For Halloween I made myself a Victorian/Edwardian-inspired mashup witch costume. I got large amounts of sari fabrics rather cheaply from a local person after they were used as party decorations, and even after distributing most of it to friends I still had a lot left over, and decided they were perfect for a bright Halloween witch. Since this was a costume I didn’t worry about combining details from various decades.
The skirt is a basic pleated two-panel skirt with seams on the sides. One seam has a pocket and the other has an invisible zipper. Since the sari is thin and I had so much of it I flat-lined it with more of the same.
The blouse and vest patterns are both from Black Snail Patterns on Etsy. They are the 1890s Late Victorian Day Blouse/Bodice and 1890s Edwardian Ladies’ Vest. Because this was meant to be a Halloween costume I took a “theatrical” approach to the construction and skipped a lot of the detailed and historically accurate instructions in the patterns such as creating facings, boning, etc. so I cannot comment on those. As usual, I did find the pattern pieces to be well-drafted and needed very little adjustment. My biggest cheat is I sewed the sleeves from the blouse pattern directly to the vest to make one garment. This saved me a lot of time, and also made the costume less warm with less layers!
Instead of making lots of buttonholes for my small gold buttons I did hidden hooks and bars down the front of the bodice and the buttons are decorative.
The belt is made from a scrap of the green sari fabric, paired with a vintage belt buckle. The buckle is actually plastic painted gold but looks pretty good from a distance!
The green pleated grosgrain trim was purchased pre-made from Amazon (affiliate link) and comes in other colors. I used the olive color this time but you may recognize that I used a baby blue version for my pink striped bustle dress!

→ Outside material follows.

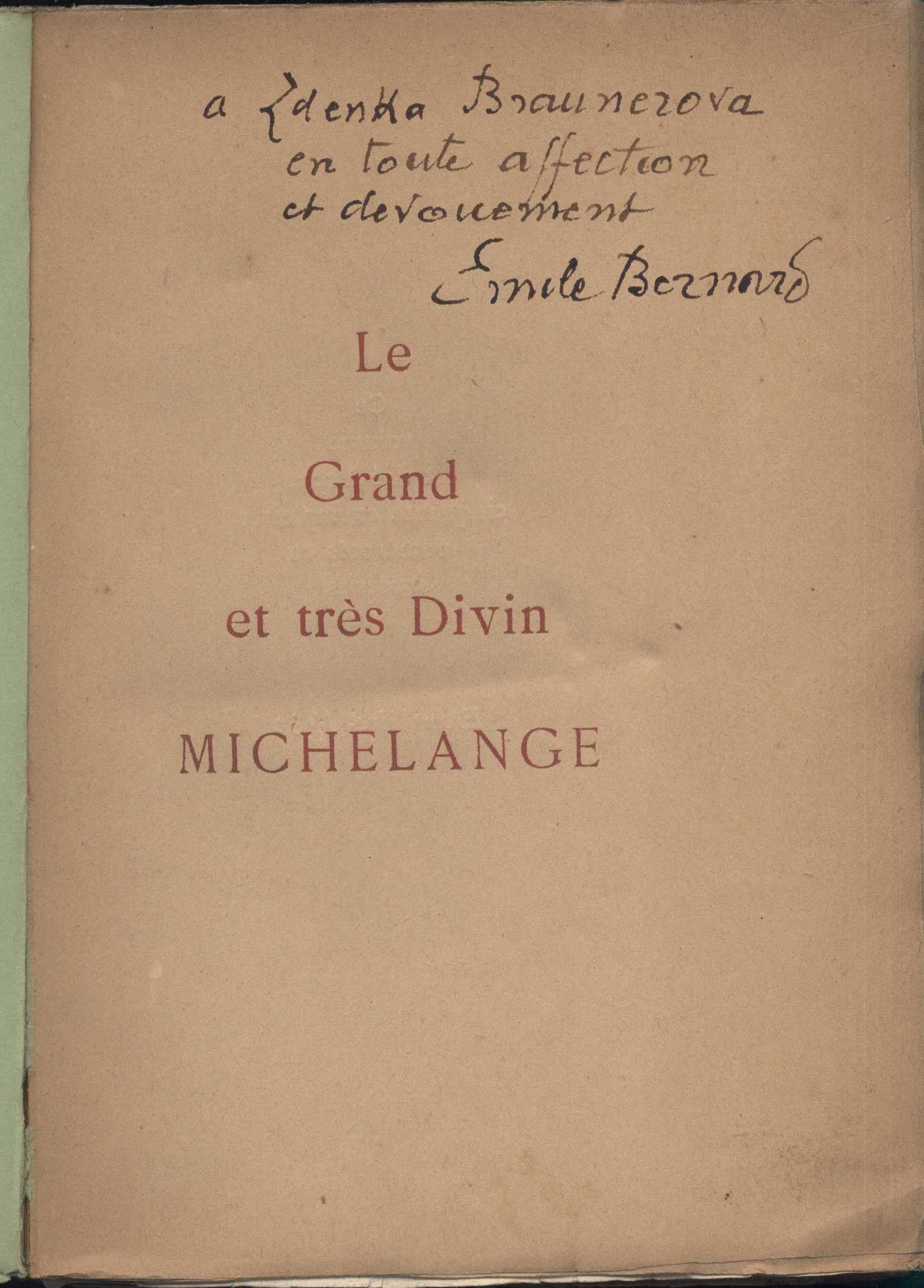 Title information Le grand et très divin Michelange : étude esthétique de l'homme et de l'oeuvre / Emile Bernard Personal name Bernard, Émile, 1868-1941 (Author) (Dedicator) Další autoři Braunerová, Zdenka, 1858-1934 (Dedicatee) (Former owner) Bernard, Michel-Ange (Publisher) (Printer) Publication Tonnerre : Michel-Ange Bernard, 1924 Scope 303 s., [4] l. obr. příl. : il. ISBN brož. Country France Language French Note Slepá obálka. - Červeně tištěný, prostě typograficky řešený přebal. - Na přebalu vročení 1925. - Seznam příloh. - Náklad sto padesát číslovaných výtisků. - Předmluva. - Čtyři listy obrazové přílohy na křídovém papíře s černobílými reprodukcemi Michelangelových podobizen. - Obsahuje rovněž několik Michelangelových sonetů ve francouzském překladu. - Vinětová výzdoba.

The hat was made using my own pattern for a Professor McGonagall-inspired deerstalker witch hat, and you can find the instructions on a previous post.
I’m afraid I didn’t do a great job tracking the yardage since I had basically unlimited fabric, but I would estimate that I used 3 orange saris (since everything was 2 layers) and one green one. The saris I got were used and pre-cut and were 3-5 meters each. Thus, my rough estimates for project costs are as follows:
- 4 saris: ~$20 (yeah I got a great deal!)
- 25 yard roll of pleated grosgrain trim: $9.50 from Amazon, and I have a lot left. (The trim usually runs about $40 a roll but I’ve bought other colors through random price drops).
- Gold buttons: free from a friend
- Vintage buckle: ~$10? (I don’t remember).
- Thread, hooks and eyes, collar interfacing, lining: ~$5 (stash and scraps from other projects)
- Bodice pattern: $8.60
- Vest pattern: $7.37
- Printing costs: $5.56 plus shipping (I had my A0 patterns printed by PDFplotting.com and the shipping was bundled with other things)
Total: ~$45 for materials and ~$25 for patterns I will reuse
Some final thoughts:
This project was all polyester. The fabric was pretty enough it didn’t “matter” if it was silk and I hope this a reminder that costumes don’t need to be expensive.
Did you notice that I pleated the front of the skirt differently than I did the back? I didn’t until I put the waistband and zipper on, and I didn’t care to redo it! Here’s a reminder that maybe “mistakes” aren’t really that big of a deal and probably most people won’t notice.
I did some cheats to simplify construction. What works for you is what works for you, whether it is historically accurate, historically appropriate, historically adequate, or historically adjacent!
Thank you for reading!
My necklace is antique glass and brass from the 1930s and my shoes are from American Duchess.
love that you added the sleeves to the vest!
Thank you! I’m glad you like it!
I love the reminder “What works for you is what works for you”; I sometimes get way too caught up in the authenticity of a project and neglect the fun process part! Thank you for the importance of “doing it my way with what you have” – the innovation spark!
Thank you for reading Anna and I’m so glad you found my words helpful to you!
So cute. I hope you and your family are doing well and staying safe. Happy Holiday Season!
Thank you Cynthia! I hope you and your loved ones are having a warm holiday and will have a beautiful New Year!